The Crozier Pharaohs (Mrs. Bradley)
Page 9
Dame Beatrice saw an obstinate, rather stupid woman, but one who, underneath a belligerent exterior, was as frightened as a bewildered child. She said briskly, “That’s settled, then. A cup of coffee, since Bryony will not wish to drink and drive, and you should have Susan back, my dear Bryony, in good time in the morning, although later than usual because of the length of the journey and, of course, my chauffeur’s beauty sleep.”
8
Kennel-Maid
“The police have an awful way of making you feel you’ve got a guilty conscience,” said Susan, when Bryony had gone.
“It’s the basis of all the brainwashing techniques,” said Laura. “Once an interrogator can get the guilt complex going, the rest is easy.”
“Everybody has a guilty conscience, if they have a conscience at all,” said Dame Beatrice. “I am inclined to think that consciences of the kind we mean do not exist in some of the present generation. To what aspect of your own conscience did the police appeal?”

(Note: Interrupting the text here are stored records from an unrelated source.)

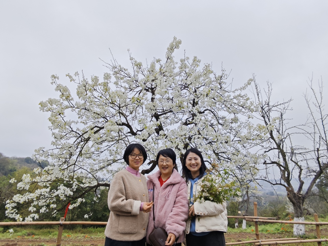 3月8日,学院分工会组织大家前往三多寨春游。女教职工们呼吸着新鲜的乡野气息,信步在曲折的山间小道,徜徉在雪白的梨花园中,感受着春天的脚步向着我们缓缓走来。在别开生面的鼓圈游戏中,女教职工们拿着不同的乐器围坐一圈,跟随主持人的引导,敲击出或悦耳动听或激昂高亢的节拍。大家或引吭高歌,或诵吟诗词,活动现场洋溢着一片欢声笑语。
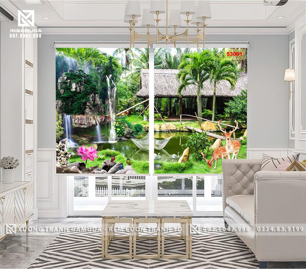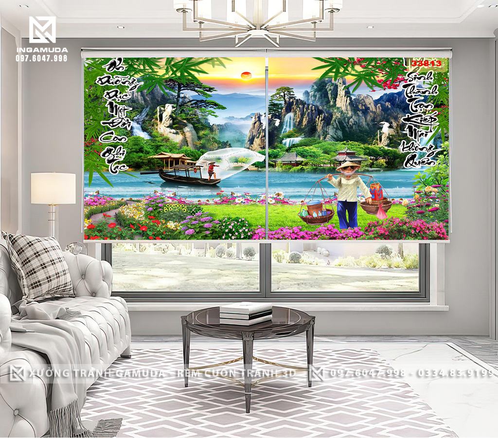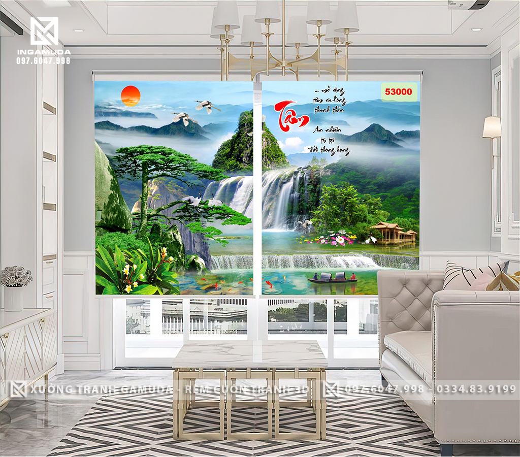 Rèm Cuốn Tranh 3D In Phong Cảnh Sơn Thủy Hữu Tình Có Ý Nghĩa May Mắn Vượng Khí Tài Lộc
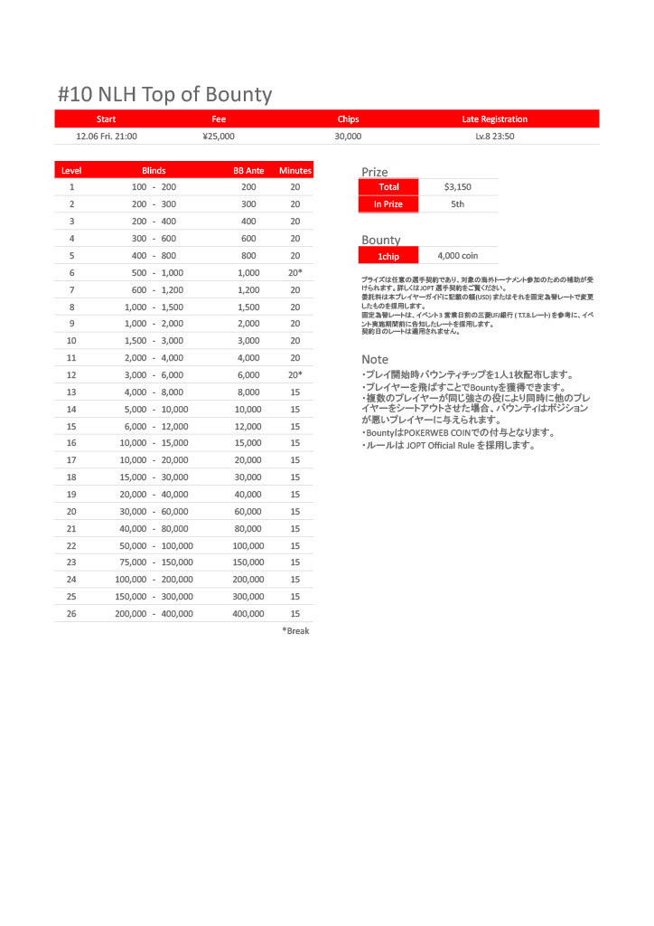 | 12/15(月) | 18:00 | 【JOPT 15Ticket】メガサテライト | Casino Live Tokyo |
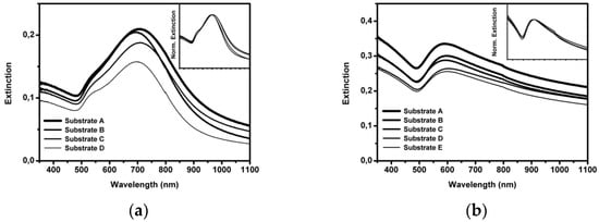 Extinction spectra of different Au NP substrates (a) and Au NS (R1 = 38; R2 = 49) substrates (R1 = 38; R2 = 49) (b); normalized spectra in the insets.
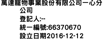 萬達寵物事業股份有限公司一心分公司
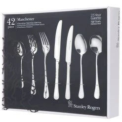 Set contains formal place setting for eight: 8 Dinner Knives, 8 Dinner Forks, 8 Entree Knives, 8 Entree Fork, 8 Dessert Spoons, 8 Soup Spoons, 8 Teaspoons
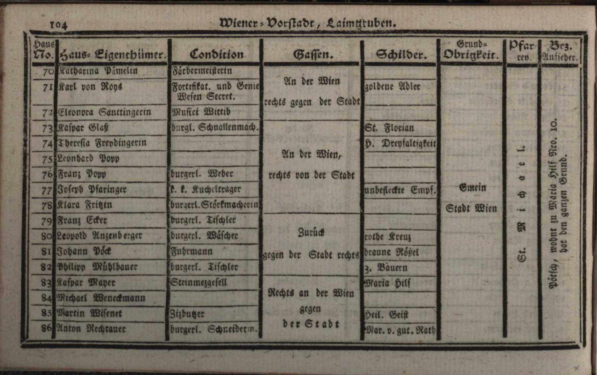 Verzeichniß der in der Kaiserl. Königl. Haupt- und Residenzstadt Wien, sammt dazu gehörigen Vorstädten, und Gründen, befindlichen numerirten Häusern derselben Eigenthümern, und deren Conditionen, Schilderen, Gassen, Grund-Obrigkeiten, Pfarreyen, und derzeit Bezirksaufsehern : auf das genaueste nach denen Grundbüchern entworfen / Von Franz de Ponty
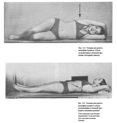 Центральный пучок рентгеновского излучения направляют отвесно на середину дуги позвоночника, что соответствует точке, расположенной по задней подмышечной линии на уровне нижнего угла лопатки. Фокусное расстояние—100 см (рис. 231).
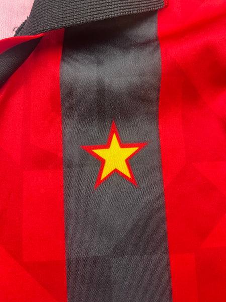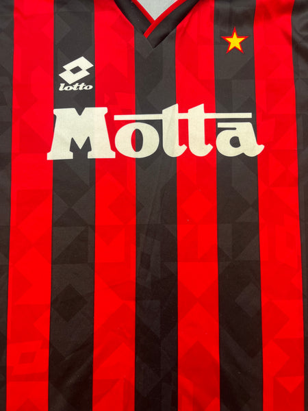 INFO - Home shirt as worn as AC Milan won the Serie A title, only conceding 15 goals. The side also won the Champions League, emphatically beating Barcelona 4-0 in the final. Players in the squad included Massaro, Desailly, Boban, Baresi, Maldini, Albertini
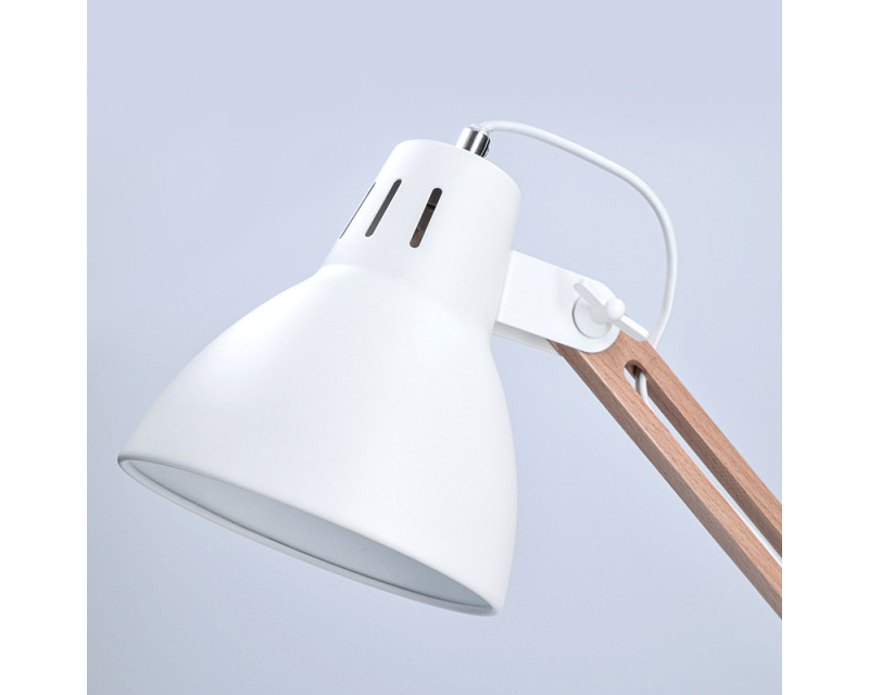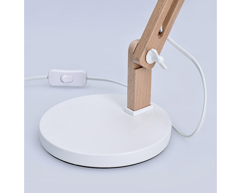 Ramena jsou plně nastavitelná – celková délka 10 + 25 + 25 cm – a umožňují přesné nasměrování světla. Průměr kovové základny je 17 cm, rozměr stínidla 15,5 x 16,5 cm. Díky přívodnímu kabelu o délce 150 cm s vypínačem je manipulace s lampou snadná. Ideální jako dekorativní i pracovní světlo. Barva: přírodní dřevo + matná bílá. Napětí: 230V.

It appeared that the cat and mouse dialogue which had taken place between Susan and Detective-Inspector Harrow with Detective-Sergeant Callum taking notes had hinged first of all on the time factor.
“What time did you get up here to Crozier Lodge that particular morning, miss, when you saw the body in the river?”
“The usual time, somewhere between six and half-past. I don’t know exactly, but, yes, much as usual. The others will tell you if you ask them.”
“You were seen to leave your cottage at just before five, miss. Does it really take you more than an hour to get from there to Abbots Crozier?”
“Of course not. I did leave the cottage just about five. I went for a bathe in the pool. I often do at this time of year. I came up to Crozier Lodge after I was dried and dressed.”
“Would you mind telling us what you were wearing when you went for your swim, miss?”
“My cottage is quite near the pool, so I had a rainproof over my bikini and rope-soled shoes on my feet.”
“No hat, miss?”
“Why on earth should I need a hat? My hair is short, so I don’t even wear a swimming cap. I just wash the salt water out when I get home. Anyway, I don’t possess a hat.”
“You were seen to leave your cottage, but you did not return to it until the evening after you had spent the usual day here at Crozier Lodge.”
“Because I wasn’t seen to go back after my swim does not mean that I didn’t go back, does it?”
“There was a man fishing off the jetty early in the morning, miss. He swears there was nobody in the pool before seven.”
“He wouldn’t be looking towards the pool if he was on the end of the jetty.”
“There was another chap, a holidaymaker, out with a local boatman. They didn’t see anybody in the pool, either.”
“Why should they? The sea wall round the pool is quite high and their boat would have been a long way offshore.”
“When you got to Crozier Lodge, miss, did you meet a man in the garden before you went up to the house?”
“Certainly not. I should soon have asked him his business if I had. Nobody ever comes up to the house. Isis and Nephthys are often loose in the garden and people round here are afraid of the hounds.”
“Would you have any objection to accompanying us to your cottage, miss, and letting us have a look round?”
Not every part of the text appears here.